During aging, organisms lose the ability to respond adaptively to stressful extremes in the internal and external environment. One of the best examples of adaptation to stress at the molecular level is the transsynaptic induction of tyrosine hydroxylase (TH) gene expression in adrenal gland and sympathetic ganglia after exposure to stressful stimuli. Tyrosine hydroxylase is the rate-limiting enzymatic step in catecholamine synthesis. To date, most of the information accumulated on the regulation of TH gene expression pertains to transcriptional mechanisms. Our studies reveal that increased levels of TH mRNA during aging result from increased TH mRNA and that with increasing age there is a profound decrement in the transsynaptic induction of TH protein and activity. It is important to note that this decrement in induction of TH protein and activity does not generalize to other adrenal neurotransmitter synthesizing enzymes that we have examined. Significantly, the effects of aging on TH gene expression were attenuated by dietary restriction, the only treatment known to increase both median and maximum life-span of mammals.

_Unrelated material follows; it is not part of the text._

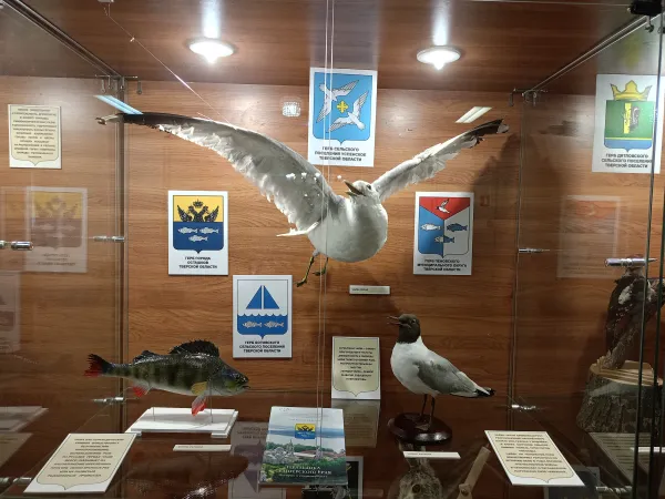 На выставке представлены экспонаты из естественнонаучного фонда Тверского государственного объёдиненного музея: гербы с изображением представителей фауны, чучела, фотографии животных, и издания из фонда Тверской библиотеки имени А.М. Горького о геральдической символике Тверского края: книги, буклеты, брошюры, открытки, значки, календари. Кроме того, даётся информация и описание символики геральдических рисунков животных и что они олицетворяют. Дополняют экспозицию иллюстративные материалы и слайд-фильм «Животные в геральдике России».

Most studies of changes in gene expression during aging have focused on the transcriptional level. However, there are a growing list of genes that are reported to be selectively affected at the posttranscriptional level by aging. For a number of genes, including the TH gene, interactions between cis- acting elements and trans-acting factors in the 3' untranslated region (3'UTR) are implicated in gene-specific regulation of both mRNA stability and translation. In the research described in this proposal, we will test the hypothesis that specific sequences within the TH mRNA 3'UTR interact with mRNA binding proteins to regulate TH mRNA stability and translation. We hypothesize that aging animals are impaired in the ability to induce TH in response to stress because of alterations in posttranscriptional mechanisms related to the TH 3'UTR. We will test this hypothesis by first investigating these mechanisms in vitro in cultured adrenal chromaffin cells and then by studying these mechanisms in vivo in relation to the effects of stress and dietary restriction on adrenal medullary TH gene expression in animals 4-30 months of age.
The specific aims of the proposal are as follows:
Aim #1. To identify cis- and trans-acting factors in the 3' untranslated region (UTR) that regulate TH mRNA stability and translation.
Aim #2. To assess the role of the TH 3'UTR in age-related changes in TH mRNA stability and translation.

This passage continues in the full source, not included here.